Венчик замерзшей антенны

Смотрит на спутник.

Я до сих пор не понимаю,

Как люди складывают звуки

В слова.

Первый снег

Исповедал

Землю.

Кельты в кильтах в клятой клети

Колют киллера в колете.

Фэнтези?

Рифма как рана –

Сквозная.

Слово навылет.

Сжал оставшиеся зубы,

Словно пальцы

В кулаки.

Очень часто Крибле с Крабле

Наступать могли на грабли.

Бумс!

В броне и шишаке, с мечом в деснице…

А если с ревматизмом в пояснице?

Романтика, останемся "на вы".

Вдоль русла высохшей реки

Навстречу западному ветру

Иду, смеясь.

Гуляй, душа! –

Подтекст

У панихиды.

Идите, дорогие!

Я останусь.

В веках.

Я в жизни ничего не понимаю

И не пойму. Вот в этом-то вся прелесть

Уменья жить.

Тихий, печальный

Снег.

Саван?

На детях гениев природа отдыхает.

Природа – тоже гений.

Наша мать.

Снег не остался без ответа.

Какая фраза, черт возьми!

А дальше – что?

Какое неожиданное счастье –

Внезапно стать

Предметом воровства!

Постигла страшная беда:

Постыла вкусная еда.

Мой бог!

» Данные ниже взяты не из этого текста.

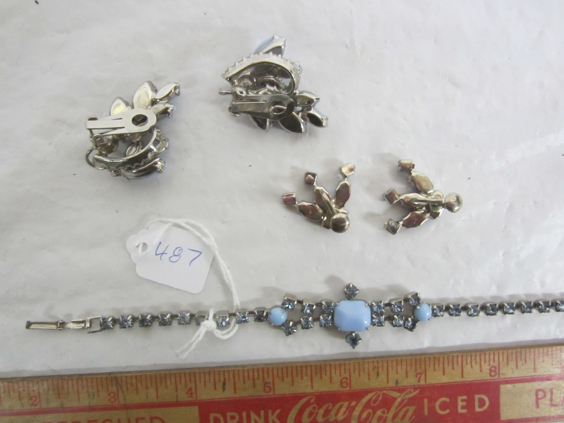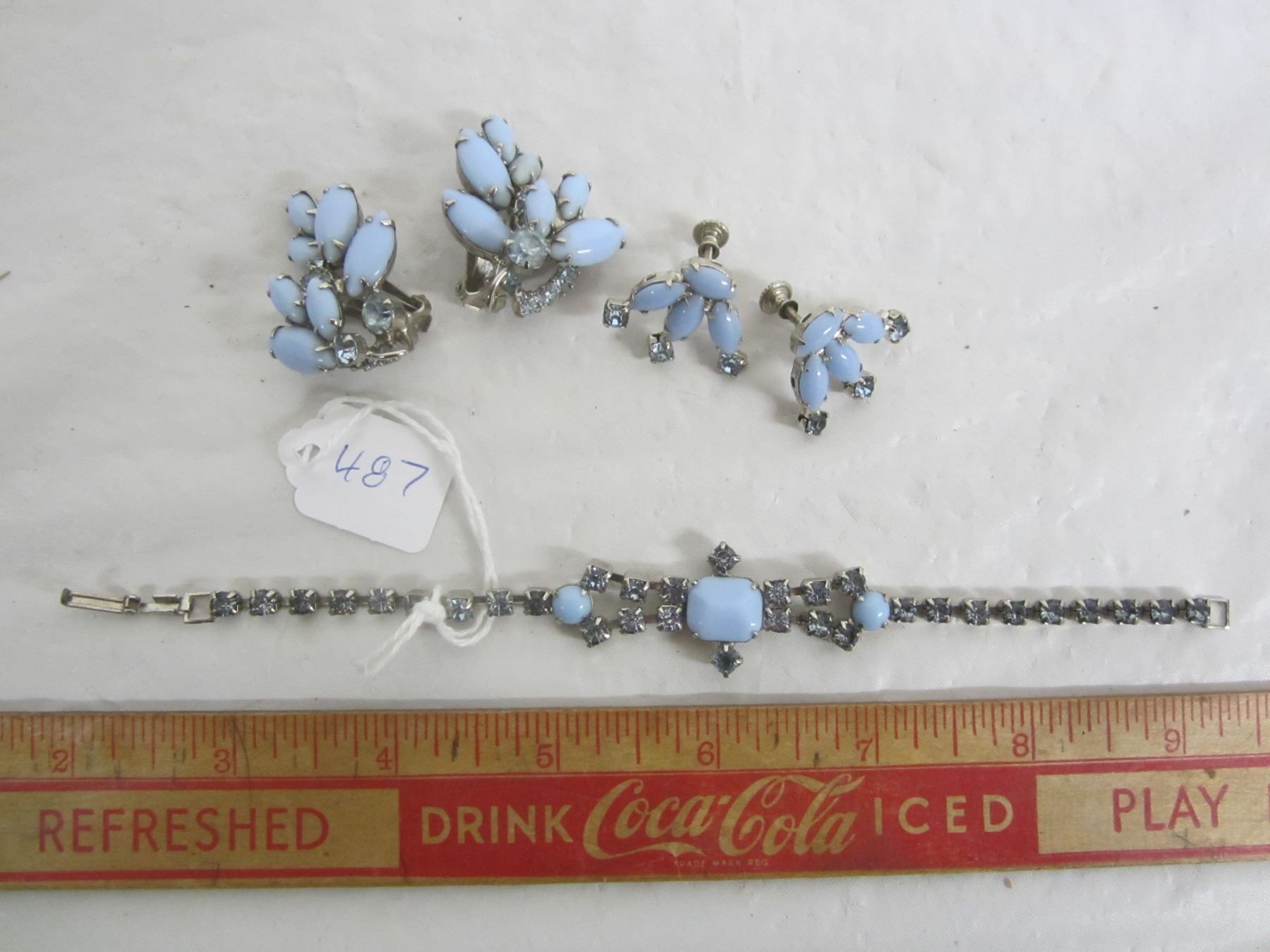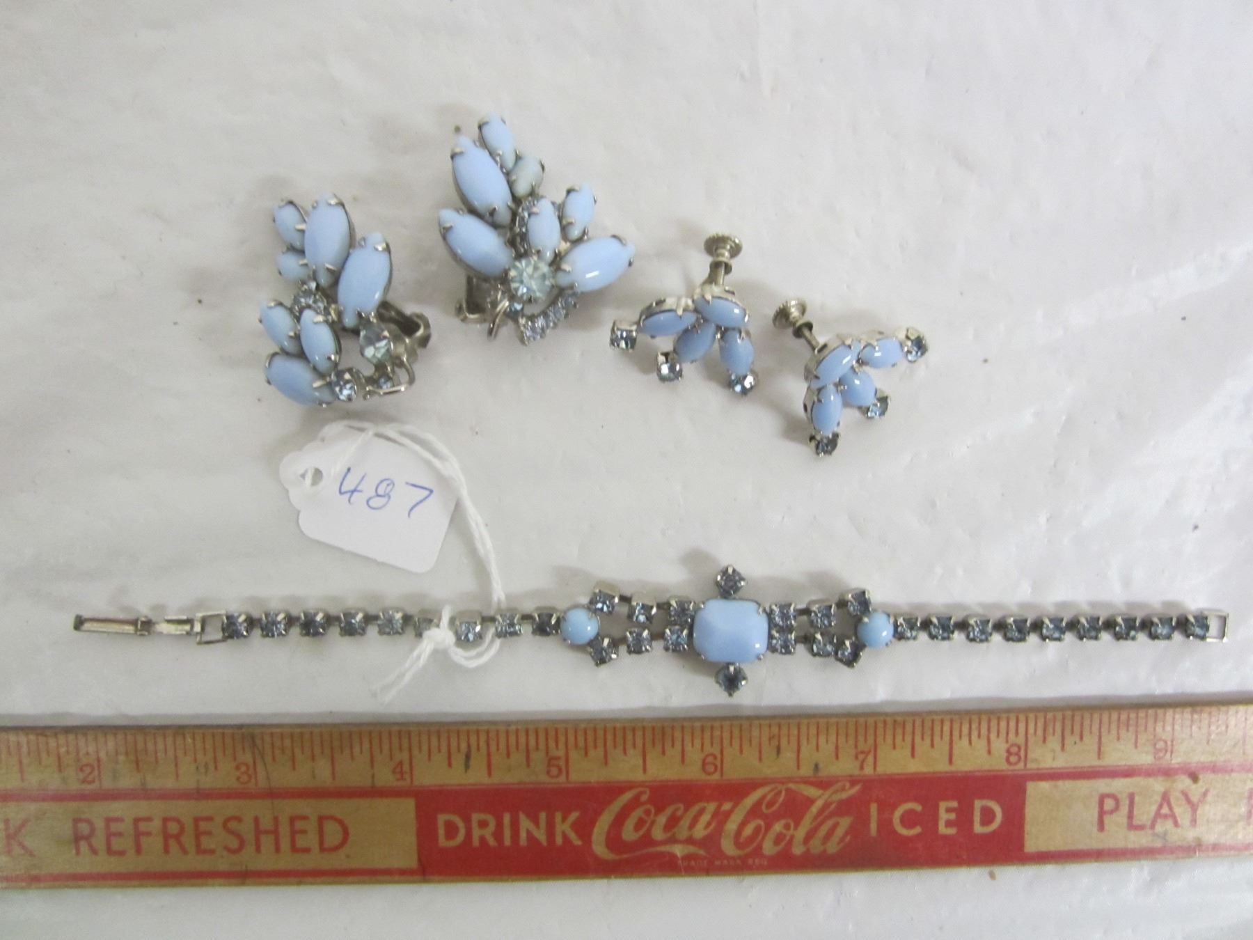 Matching set of costume jewelry with blue stones bracelet and 2 sets of earrings
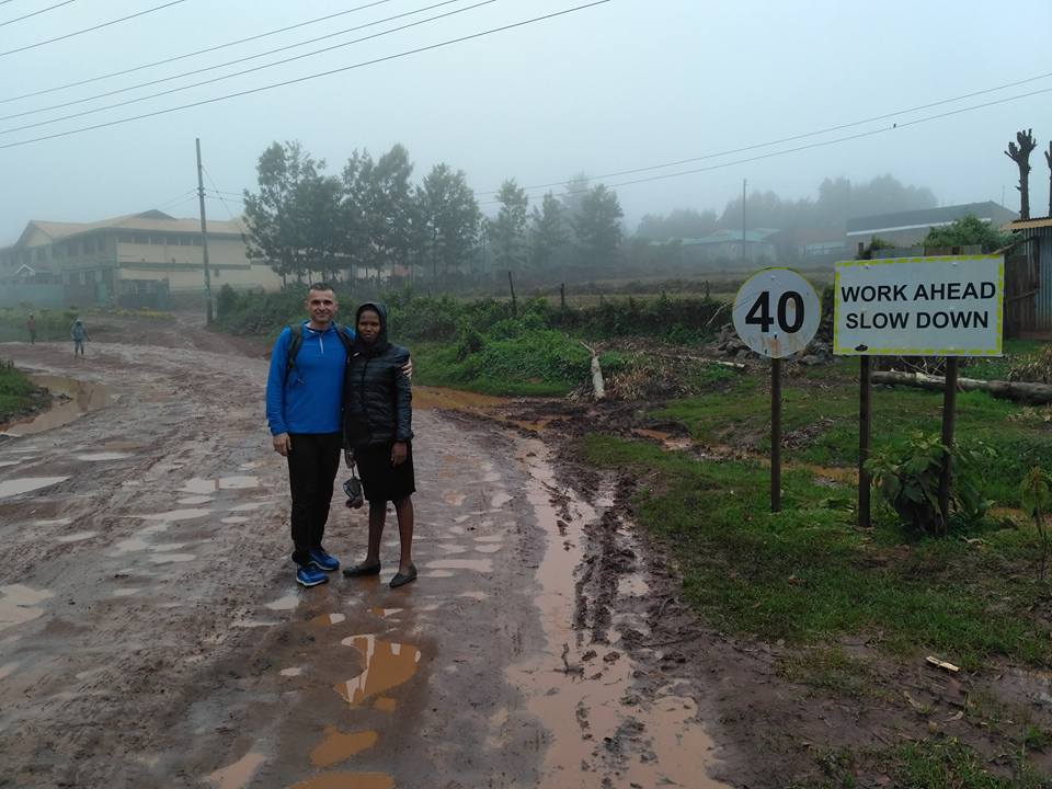 Ale co mnie jeszcze zdziwiło poza wspomnianym wzorowym kierowcą? Luzem chodzące ulicą świnie, wyższa cena i jakość usług za matatu z Eldoret do Iten (do tej pory było to 100 ksh/os (1 usd) i jazda z dwukrotnie większą ilością osób niż producent auta przewidział, plus zatrzymywanie matatu i zgarnianie/wysadzanie pasażerów co 200 metrów, co zawsze strasznie przedłużało podróż. Dziś jazda w pełnym komforcie, bez postojów, szybko, sprawnie, bez ryczącej muzyki kalenjin i kozła za plecami. Poza tym zupełnie rozmokła i śliska, że iść ledwo się dało droga do naszego hotelu już w Iten. Jak tu biegać? Wszędzie mega błoto. Wkrótce powstanie tu podobno droga asfaltowa. Jest już przygotowana wstępnie tablica, którą z tej okazji odsłoni prezydent i znak spowalniający prędkość!

Ужели навсегда?!

В который раз уже за жизнь мою

Часы убили полночь?

Горе! горе!

Бесстрастный свет луны

Сочится

Сквозь туман.

Трагик косматый

Смеется украдкой за сценой,

Чтобы никто не заметил.

На старом фото, где еще все живы,

Один из всех, смеется крайний слева.

Он, верно, что-то знал.

Тихий пруд.

Прыгнула лягушка.

Знать, она сильна?

Горечь осенних листьев.

Хочется плакать

От счастья.

Самозабвенный хор лягушек.

Внимаю ночью

У пруда.

Скрип пера.

Летящие росчерки.

Птицы?

И вот живу,

Как старый анекдот –

Унылый, несмешной и с бородой…

Бродяжка-ночь.

О, лунный грош

В разрывах туч!

II. КВАРТА

Судьба ни при чем,

И беда ни при чем,

И тот ни при чем,

кто за левым плечом…

Прядет, не спит

Седая пряха:

Прах к праху,

Страх к страху…

Два конца – премудрым эльфам,

Два кольца – пещерным гномам,

Посредине гвоздик – людям…

Вот загадка Саурона!

Будет осень в Болдино

И для сэра Олди, но

Трудно, блин, кормить семью

Болдинскою осенью…

Иду, нагой.

В руках огонь.

Подставляй ладонь.

Поделюсь бедой.

Мы будущего даль и неизвестность

Вложить сумели в семь десятков лет.

Рассвет вставал, нам уступая место,

Закат краснел, садясь за наш рассвет.

В ожидании борща

Я, душою трепеща,

Мажу по сусалам

Чесноком и салом…

Луна

Больна.

В паутине окна

Истошно кричит тишина…

Богема-то в генах!

Чума в буйстве пира!

…вкус гематогена

Постыл для вампира.

Ну-ка, лягу на кровать,

Стану время убивать

И постигну, я-не-я,

Сущность недеяния!

И заклятому врагу не

Пожелаю сулугуни,

Потому что этот сыр

Набивается в усы!

Пройдя весь мир с Востока и до Запада,

Не все я видел и не всех любил,

Но не убил – я чтил благую заповедь.

…мне жалко до сих пор, что не убил.

Нет, в адрес деканата

Стихов писать не надо,

Ведь могут снять за это

Стипендию с поэта…

О мудрости спросите мудреца,

Чьи зрелым опытом убелены седины.

Он скажет: "Нет начала и конца

Ей, как и глупости. И в том они едины".

Путь пилигрима –

К вершинам, вдаль,

Где струйкой дыма

Течет печаль…

Все на свете прах и тлен,

Кроме мамы-лени –

Если лень вставать с колен

Уйме поколений.

Боги смеются нечасто, но смех их невесел для смертных,

Смертные плачут годами, но слезы смешны Олимпийцам,

Если земля засмеется, то может быть, небо заплачет,

Вот и смеюсь, весь в надежде, что люди поддержат – но тщетно…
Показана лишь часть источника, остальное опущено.